Circumcision was part of God’s Old Testament law. If you were a male, and you wanted to be one of God’s chosen people, you had to be circumcised. Circumcision was a vivid reminder that God had made a covenant, a promise, to these people, and that God had claimed them as his own.
Circumcision was also a vivid reminder that sin begins at the very source of our life–it is passed from parent to child from the very time of our conception. Thus, it must be cut away at its source. Even this original, inherited sin must be removed, before we are acceptable to God.
Jesus had no personal need of circumcision. He already belonged to God. He was already chosen by him in a way which far surpassed that of any other human being. Jesus needed no reminders of our sinful flesh and the need for its removal. He was sinless, because God was his only Father and he was born of a virgin.
But Jesus came to be our Savior. That’s what his name means. With his circumcision, Jesus was saving us. He was keeping this law for us. Here he began his perfect fulfillment of all God’s commandments. Here he began to offer to his heavenly Father the perfect obedience to the law that we owed, in our place–as our substitute.
As we begin our year in Jesus’ name, draw on this comfort: Jesus lived as your substitute. We have the comfort that Jesus was our Savior not just at his circumcision, nor only at his cross and empty tomb. Jesus was our Savior every single day he lived. He still is. Everything he did–every breath, every movement–he did as our Savior.
As you listen to the gospel lessons read in church, as you read them for yourself at home, take comfort! Jesus is doing all these things to save you. He is teaching the pure word of God, performing miracles of mercy, loving people, glorifying his heavenly Father, and perfectly keeping the law, to make up for our failure to do so.
Do you understand what peace will be yours if you begin, and live, your year in Jesus’ name, always aware that he is your Savior? We will still be sorry when we sin, but we need not try to hide or deny them in fear.

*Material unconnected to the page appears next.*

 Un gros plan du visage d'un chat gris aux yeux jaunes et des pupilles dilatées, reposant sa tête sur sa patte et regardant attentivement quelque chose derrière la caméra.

Jesus’ blood washes every sin away. Jesus’ holy life replaces our disobedient and rebellious lives. Jesus is our Savior, and his holy life and his innocent death for us is all that the Father sees anymore. We don’t have to be afraid.

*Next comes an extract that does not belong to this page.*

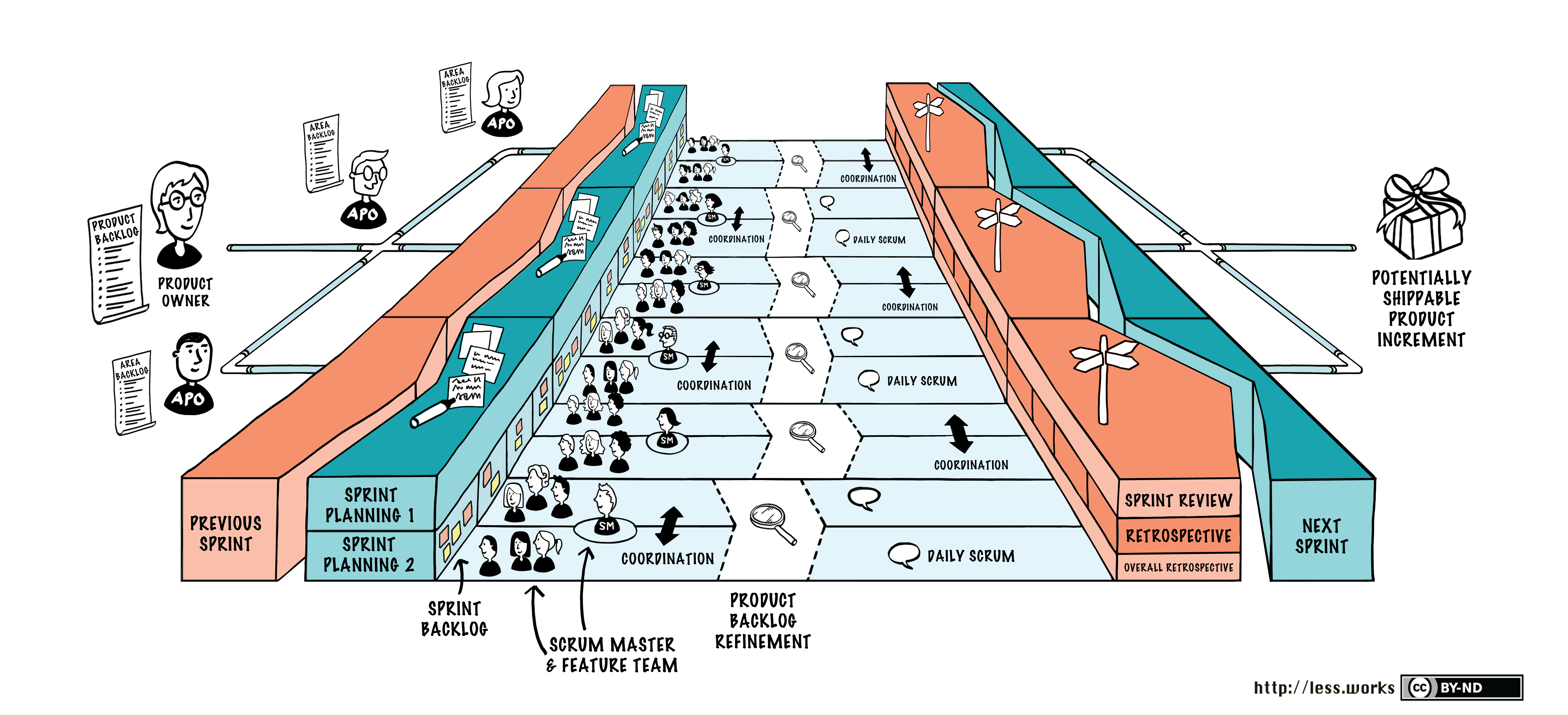 如今,两个 LeSS 框架(小型 LeSS 和大型 LeSS)已被全球不同领域的大型集团所采用:

If Jesus is our Savior, does this not assure us that we can trust God? Can’t we conclude with the Apostle Paul, “He who did not spare his own Son, but gave him up for us all, how will he not also, along with him, graciously give us all things?” We can be sure that everything our Savior tells us, whether he is identifying our sins, giving us his promises, or instructing us on how to live, he tells us only because he loves us. We can be sure that everything that happens, every obstacle in front of us, happens for our good, because Jesus is our Savior. It’s promised in his name.